* [Directions for this task]: Exact copy without images: repeat every entry as written.

(Records from a dataset)
*** Block opens ***
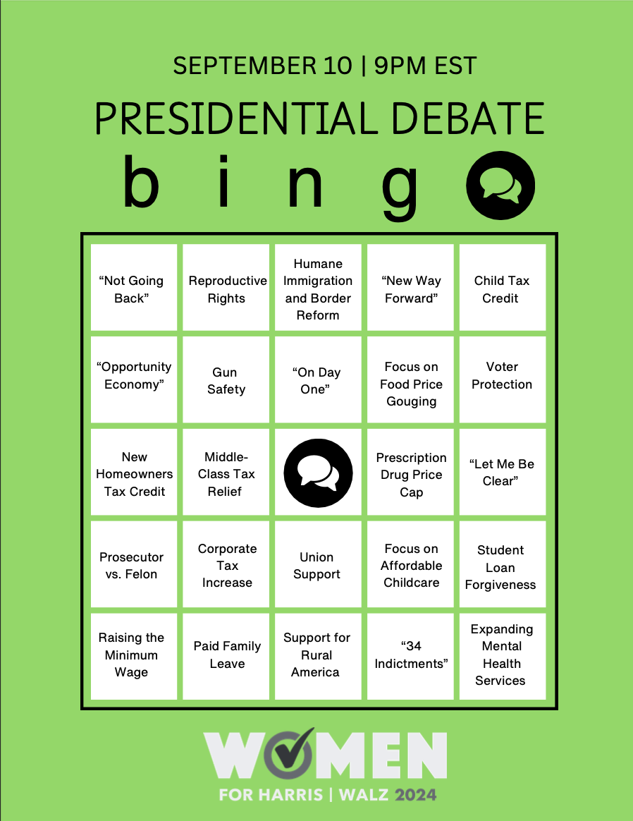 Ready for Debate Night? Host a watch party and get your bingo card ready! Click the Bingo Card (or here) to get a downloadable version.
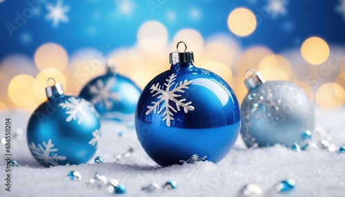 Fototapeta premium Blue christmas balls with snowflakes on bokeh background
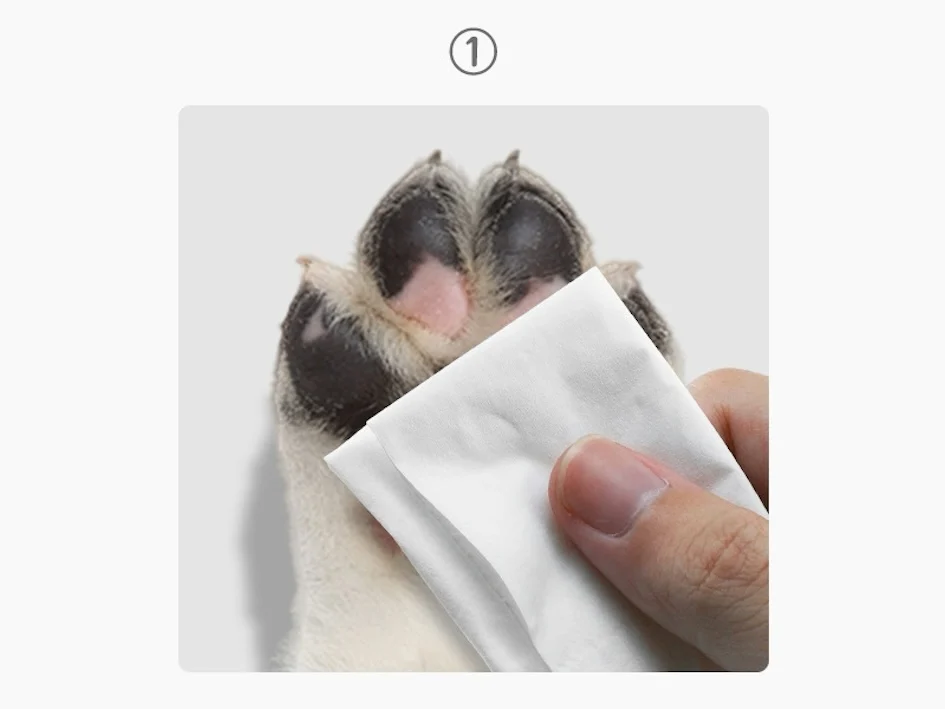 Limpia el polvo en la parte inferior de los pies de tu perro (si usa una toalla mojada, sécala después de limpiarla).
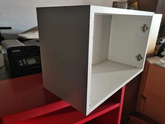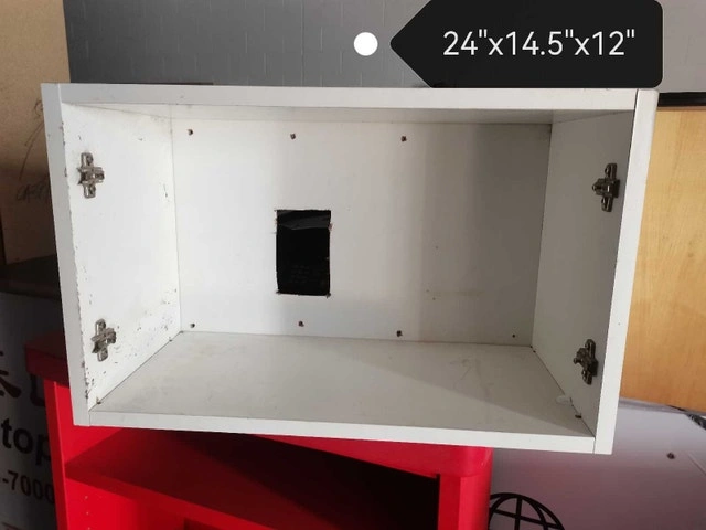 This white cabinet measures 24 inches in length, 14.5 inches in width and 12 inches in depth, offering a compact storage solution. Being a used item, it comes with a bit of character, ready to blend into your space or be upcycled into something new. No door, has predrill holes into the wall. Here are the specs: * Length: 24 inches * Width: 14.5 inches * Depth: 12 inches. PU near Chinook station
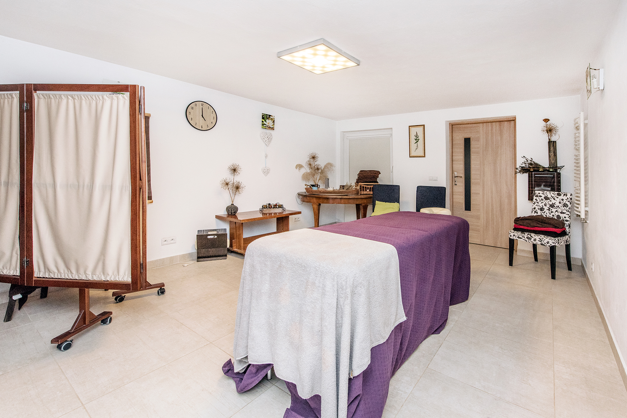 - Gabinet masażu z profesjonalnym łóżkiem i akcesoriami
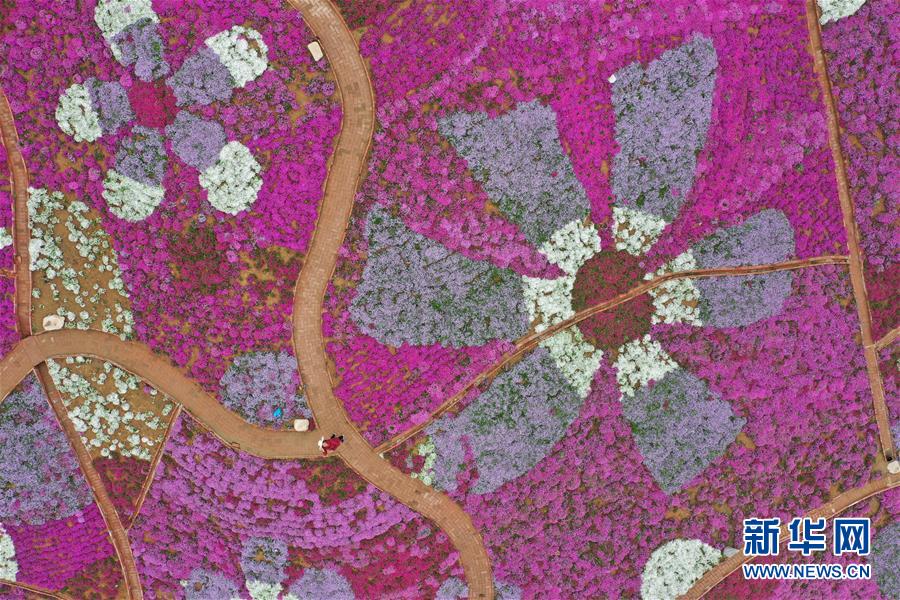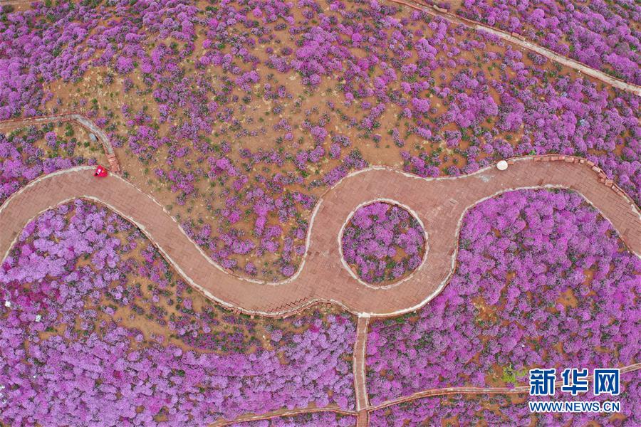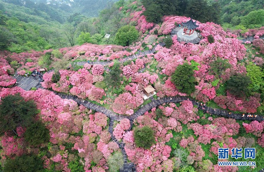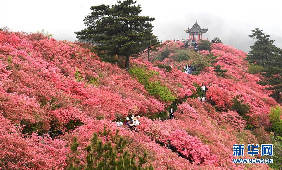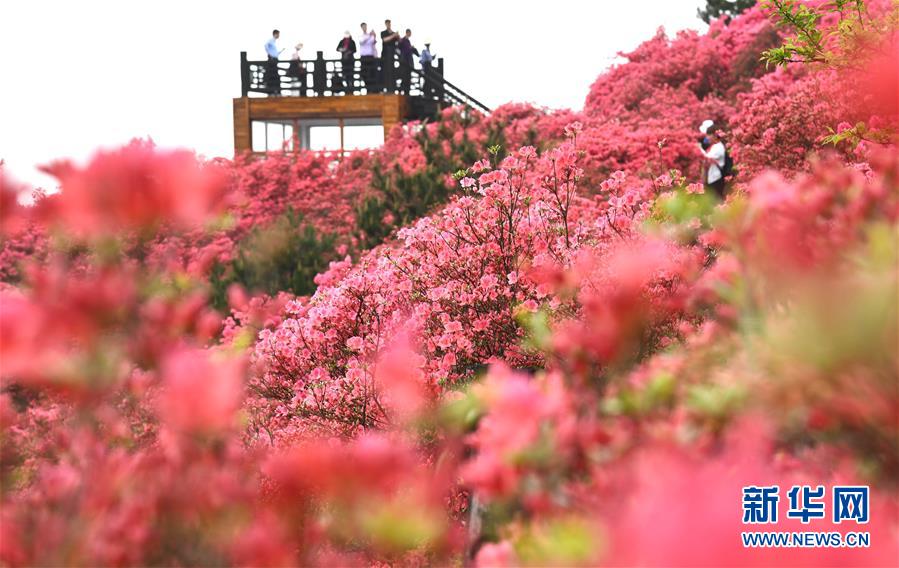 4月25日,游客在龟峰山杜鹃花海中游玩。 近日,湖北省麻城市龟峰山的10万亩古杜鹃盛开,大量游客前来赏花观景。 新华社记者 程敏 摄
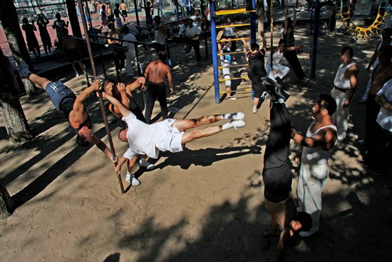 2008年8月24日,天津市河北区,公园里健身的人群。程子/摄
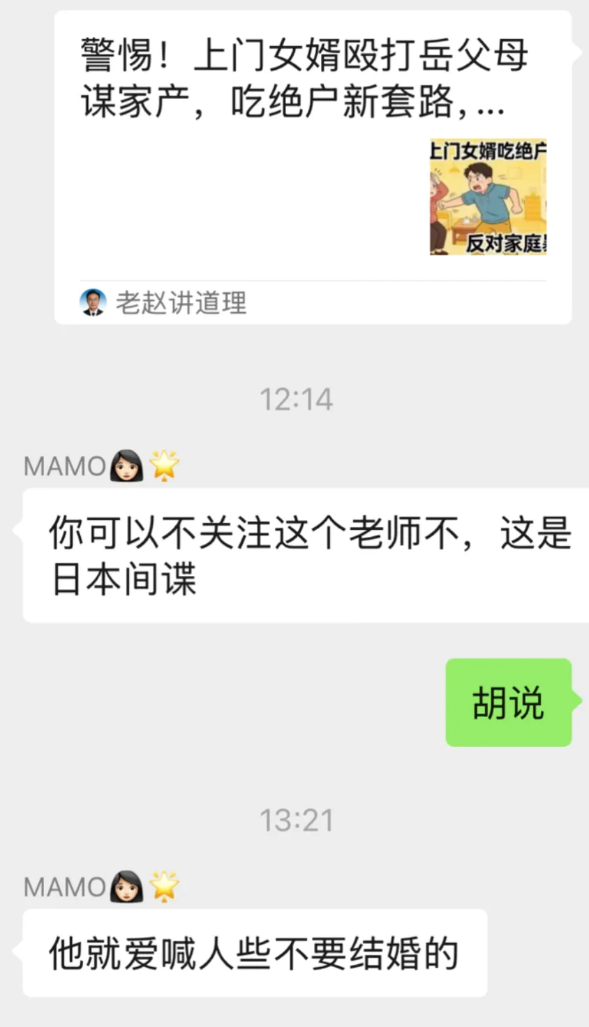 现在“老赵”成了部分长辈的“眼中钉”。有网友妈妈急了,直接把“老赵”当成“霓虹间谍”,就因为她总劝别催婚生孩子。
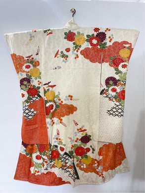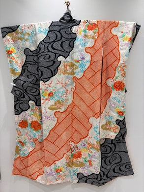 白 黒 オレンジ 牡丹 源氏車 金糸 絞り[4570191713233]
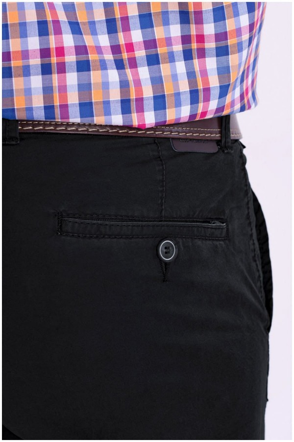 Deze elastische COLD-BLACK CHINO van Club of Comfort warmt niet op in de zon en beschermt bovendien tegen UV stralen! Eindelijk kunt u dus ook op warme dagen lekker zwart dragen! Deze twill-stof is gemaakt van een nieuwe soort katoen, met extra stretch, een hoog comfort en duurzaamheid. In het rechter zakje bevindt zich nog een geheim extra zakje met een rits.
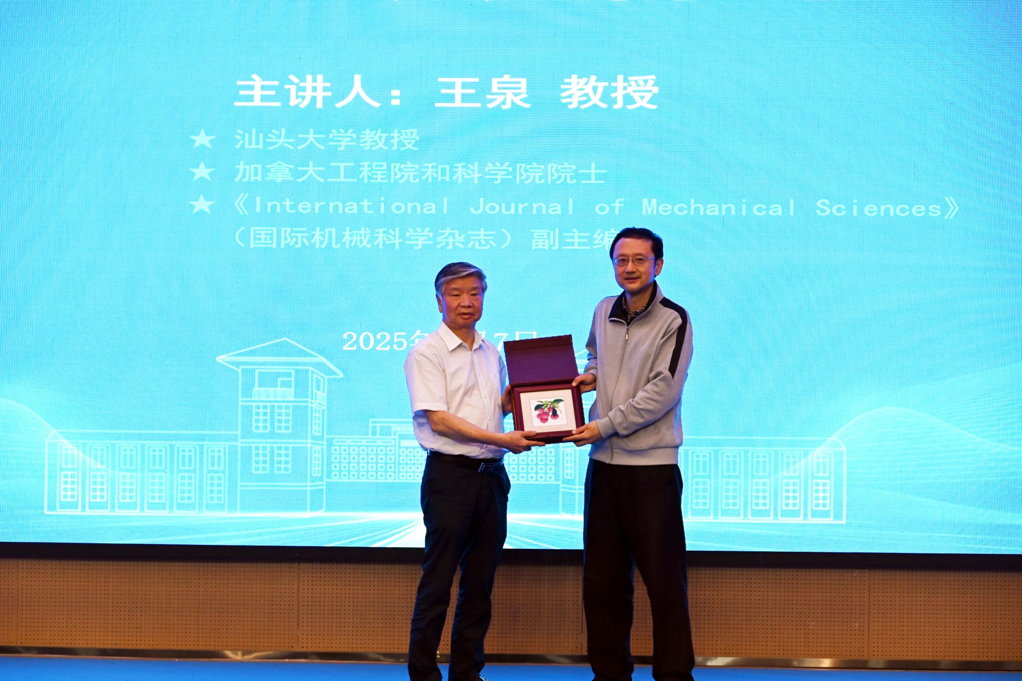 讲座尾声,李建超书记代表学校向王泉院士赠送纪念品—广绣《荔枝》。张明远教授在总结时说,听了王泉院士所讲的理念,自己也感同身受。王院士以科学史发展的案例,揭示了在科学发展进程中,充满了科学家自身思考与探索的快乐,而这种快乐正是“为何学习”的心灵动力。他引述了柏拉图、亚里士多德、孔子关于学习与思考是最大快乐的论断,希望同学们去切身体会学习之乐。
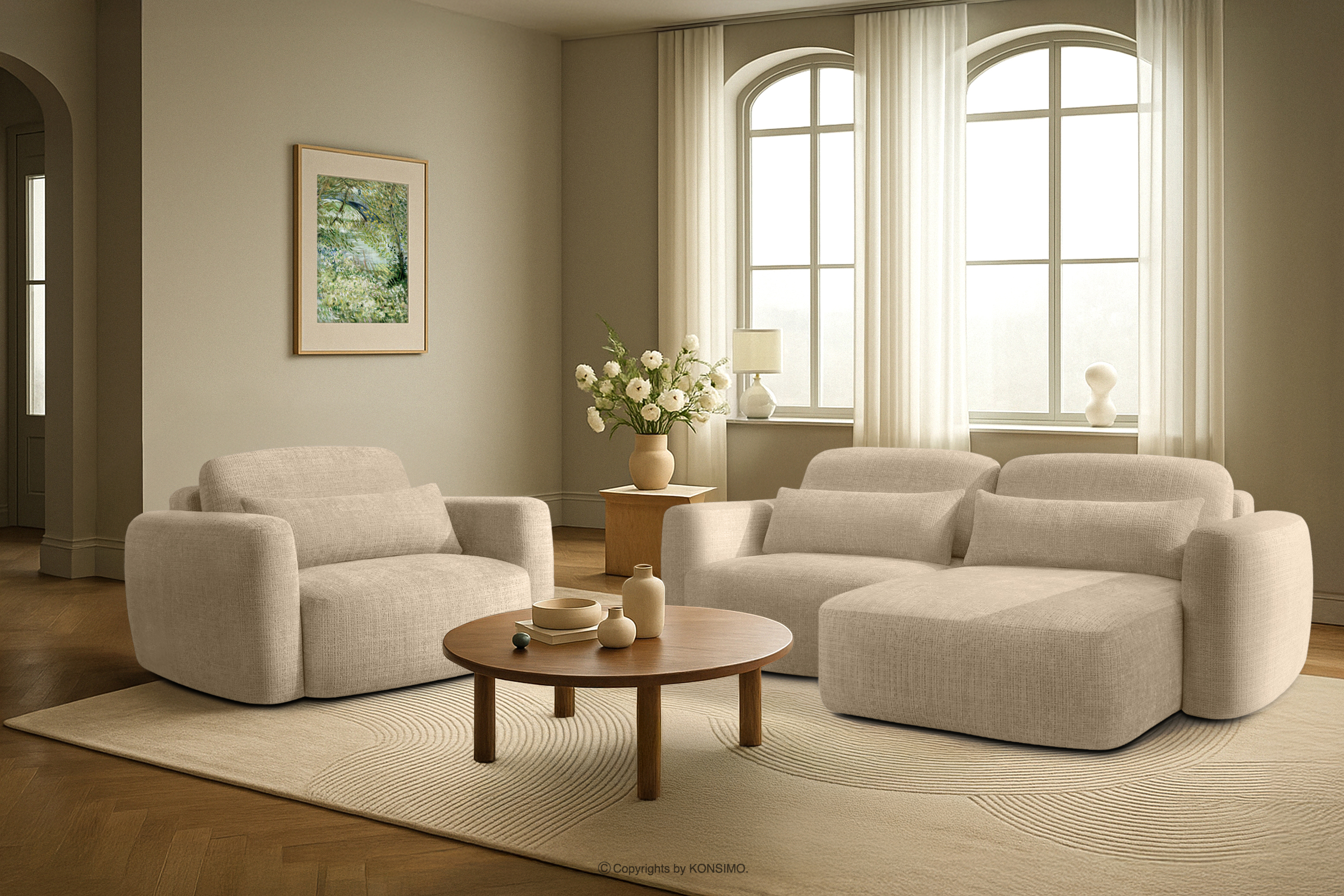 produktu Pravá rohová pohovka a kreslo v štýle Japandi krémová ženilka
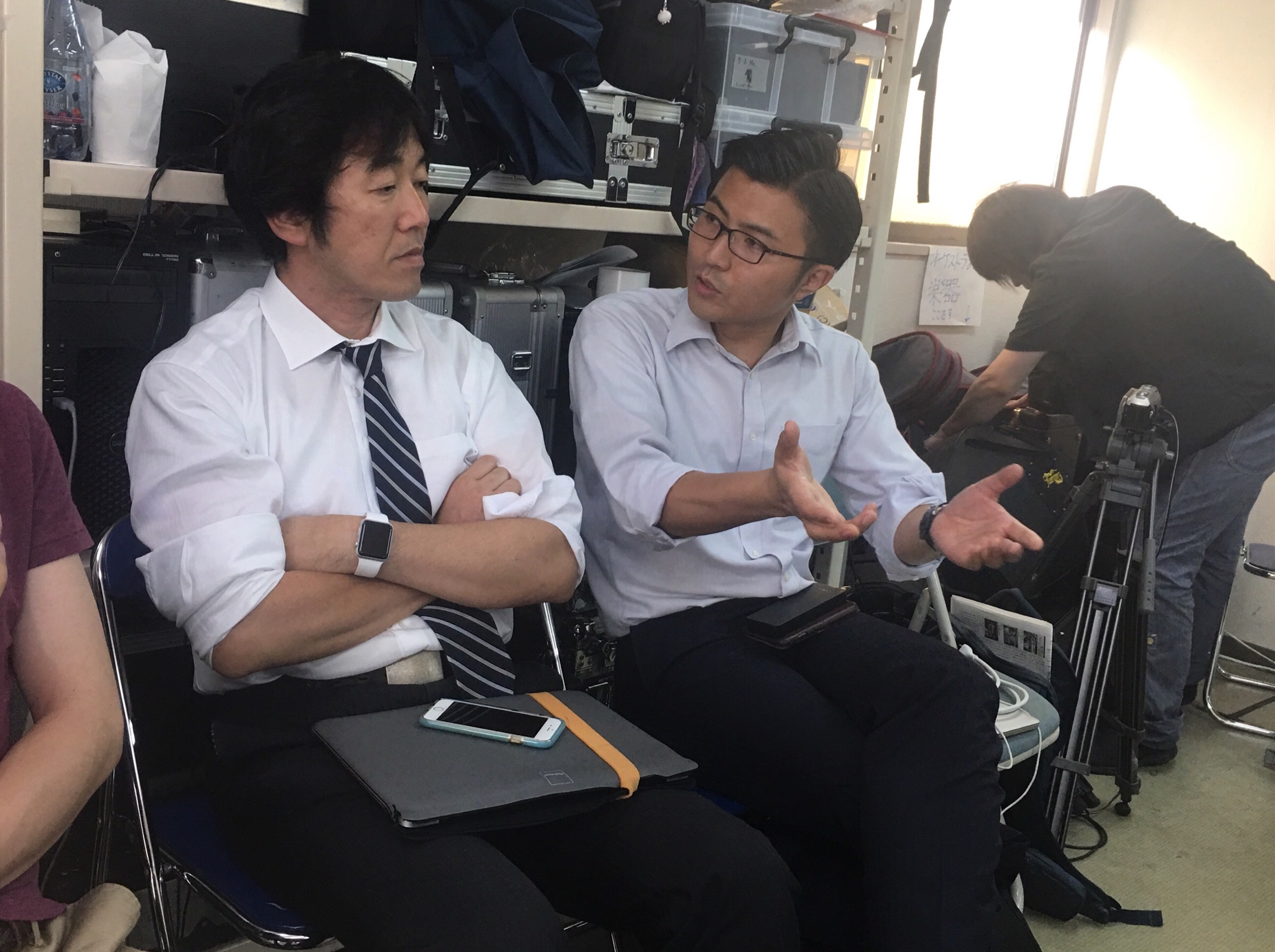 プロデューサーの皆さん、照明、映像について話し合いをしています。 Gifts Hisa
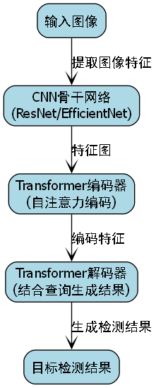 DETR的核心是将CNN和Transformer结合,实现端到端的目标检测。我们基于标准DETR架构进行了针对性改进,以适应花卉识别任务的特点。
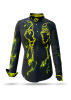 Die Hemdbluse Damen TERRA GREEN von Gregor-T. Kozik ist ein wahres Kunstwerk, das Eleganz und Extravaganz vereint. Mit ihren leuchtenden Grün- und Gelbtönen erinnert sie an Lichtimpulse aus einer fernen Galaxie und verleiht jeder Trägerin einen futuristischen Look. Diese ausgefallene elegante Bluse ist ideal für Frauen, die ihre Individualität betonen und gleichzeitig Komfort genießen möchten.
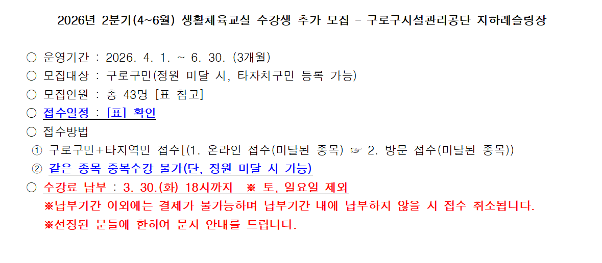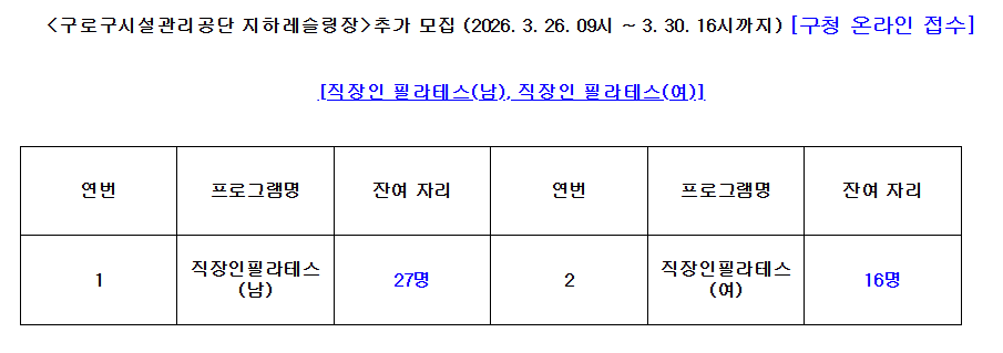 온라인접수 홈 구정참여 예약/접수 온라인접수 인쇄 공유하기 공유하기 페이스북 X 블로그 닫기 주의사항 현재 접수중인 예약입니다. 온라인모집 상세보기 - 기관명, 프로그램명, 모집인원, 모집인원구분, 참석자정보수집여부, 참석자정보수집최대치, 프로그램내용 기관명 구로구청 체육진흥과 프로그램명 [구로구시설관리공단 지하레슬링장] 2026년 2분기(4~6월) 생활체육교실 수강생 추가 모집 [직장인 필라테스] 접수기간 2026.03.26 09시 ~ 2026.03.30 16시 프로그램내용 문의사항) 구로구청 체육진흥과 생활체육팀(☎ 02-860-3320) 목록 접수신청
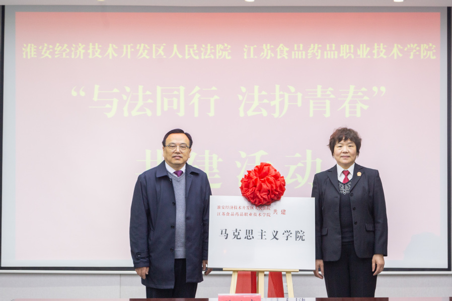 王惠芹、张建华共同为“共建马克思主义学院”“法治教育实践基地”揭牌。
*** Block closes ***
* [Final answer]:
 Ready for Debate Night? Host a watch party and get your bingo card ready! Click the Bingo Card (or here) to get a downloadable version.
 Fototapeta premium Blue christmas balls with snowflakes on bokeh background
 Limpia el polvo en la parte inferior de los pies de tu perro (si usa una toalla mojada, sécala después de limpiarla).
 This white cabinet measures 24 inches in length, 14.5 inches in width and 12 inches in depth, offering a compact storage solution. Being a used item, it comes with a bit of character, ready to blend into your space or be upcycled into something new. No door, has predrill holes into the wall. Here are the specs: * Length: 24 inches * Width: 14.5 inches * Depth: 12 inches. PU near Chinook station
 - Gabinet masażu z profesjonalnym łóżkiem i akcesoriami
 4月25日,游客在龟峰山杜鹃花海中游玩。 近日,湖北省麻城市龟峰山的10万亩古杜鹃盛开,大量游客前来赏花观景。 新华社记者 程敏 摄
 2008年8月24日,天津市河北区,公园里健身的人群。程子/摄
 现在“老赵”成了部分长辈的“眼中钉”。有网友妈妈急了,直接把“老赵”当成“霓虹间谍”,就因为她总劝别催婚生孩子。
 白 黒 オレンジ 牡丹 源氏車 金糸 絞り[4570191713233]
 Deze elastische COLD-BLACK CHINO van Club of Comfort warmt niet op in de zon en beschermt bovendien tegen UV stralen! Eindelijk kunt u dus ook op warme dagen lekker zwart dragen! Deze twill-stof is gemaakt van een nieuwe soort katoen, met extra stretch, een hoog comfort en duurzaamheid. In het rechter zakje bevindt zich nog een geheim extra zakje met een rits.
 讲座尾声,李建超书记代表学校向王泉院士赠送纪念品—广绣《荔枝》。张明远教授在总结时说,听了王泉院士所讲的理念,自己也感同身受。王院士以科学史发展的案例,揭示了在科学发展进程中,充满了科学家自身思考与探索的快乐,而这种快乐正是“为何学习”的心灵动力。他引述了柏拉图、亚里士多德、孔子关于学习与思考是最大快乐的论断,希望同学们去切身体会学习之乐。
 produktu Pravá rohová pohovka a kreslo v štýle Japandi krémová ženilka
 プロデューサーの皆さん、照明、映像について話し合いをしています。 Gifts Hisa
 DETR的核心是将CNN和Transformer结合,实现端到端的目标检测。我们基于标准DETR架构进行了针对性改进,以适应花卉识别任务的特点。
 Die Hemdbluse Damen TERRA GREEN von Gregor-T. Kozik ist ein wahres Kunstwerk, das Eleganz und Extravaganz vereint. Mit ihren leuchtenden Grün- und Gelbtönen erinnert sie an Lichtimpulse aus einer fernen Galaxie und verleiht jeder Trägerin einen futuristischen Look. Diese ausgefallene elegante Bluse ist ideal für Frauen, die ihre Individualität betonen und gleichzeitig Komfort genießen möchten.
 온라인접수 홈 구정참여 예약/접수 온라인접수 인쇄 공유하기 공유하기 페이스북 X 블로그 닫기 주의사항 현재 접수중인 예약입니다. 온라인모집 상세보기 - 기관명, 프로그램명, 모집인원, 모집인원구분, 참석자정보수집여부, 참석자정보수집최대치, 프로그램내용 기관명 구로구청 체육진흥과 프로그램명 [구로구시설관리공단 지하레슬링장] 2026년 2분기(4~6월) 생활체육교실 수강생 추가 모집 [직장인 필라테스] 접수기간 2026.03.26 09시 ~ 2026.03.30 16시 프로그램내용 문의사항) 구로구청 체육진흥과 생활체육팀(☎ 02-860-3320) 목록 접수신청
 王惠芹、张建华共同为“共建马克思主义学院”“法治教育实践基地”揭牌。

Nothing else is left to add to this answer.